Thursday, November 20, 2025

The New Climate ‘Realism’

 

The New Climate ‘Realism’

Is it time to acclimate to global warming?
Brazil’s President Luiz Inacio Lula da Silva greets Spain’s Prime Minister Pedro Sanchez, as they and other delegates gather for a photo in Belem, Brazil, ahead of the United Nations Climate Change Conference (OSV News photo/Adriano Machado, Reuters).

It’s possible to acclimate to pain. Even when treated with analgesic drugs, chronic pain can raise our tolerance for general discomfort. To a point, the capacity to tolerate pain likely confers an evolutionary advantage: more robust, pain-tolerant humans end up living long, miserable lives and dominating the gene pool. 

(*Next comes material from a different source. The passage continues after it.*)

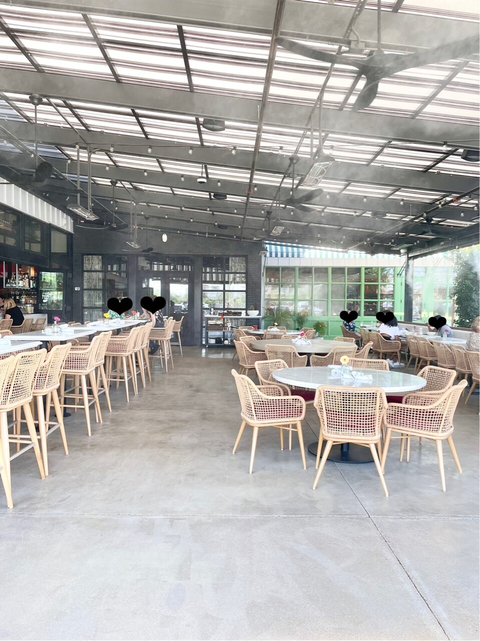 上からミスト、そして天井にはいくつも大きいシーリングファンがあるので、そこまで暑さは感じませんでした。

But how far can we push this at the whole-species level? Should a shrug and a “meh—we’ll get used to it” be policy options when we’re facing what many consider an existential threat? Shapers of climate policy may find out soon enough. The COP30 climate summit opened in Belém, Brazil, on November 10 against the backdrop of a new spirit of “climate realism” that prioritizes literal acclimation to climate change.

Participants at COP30—the latest iteration of the United Nations Framework Convention on Climate Change (UNFCCC)—have been quibbling over the soporific details of COemissions goals and the meticulously parsed language of final declarations and pledges, as they had during the previous twenty-nine meetings. Meanwhile, the hopes of many at home were lower than ever. Delegates arrived in Brazil amid growing skepticism that these annual gatherings will ever accomplish what the UNFCC charged the “Congress of Parties” with accomplishing in Rio de Janeiro in 1992: namely, halting anthropogenic warming. Indeed, there’s a growing sense that this goal needs to be rethought.

Is climate instability more a reality to which we can adapt than a dystopia to be avoided at all costs? Axios reported recently that a projection by RystadEnergy analysts sets the most probable temperature increase in the coming years at 1.8 to 2.1 degrees Celsius over preindustrial temperatures—well above the 1.5-degree marker that emerged as a target in climate talks over the last decade. But, despite the best intentions of COP participants, what was once a doomsday scenario is now being reframed as just another ongoing hassle we’ll be muddling through for generations to come. 

This “realism” is no doubt in part a coping mechanism prompted by the reelection of Donald Trump, which buoyed the fossil-fuel industry. The annual CERAWeek conference this past March—a kind of anti-COP summit where traditional energy executives strategize—announced the birth of a “sober-minded pragmatism” surrounding the transition to renewable energy. “We’re seeing some reality come back in the conversation,” noted Chevron CEO Mike Wirth.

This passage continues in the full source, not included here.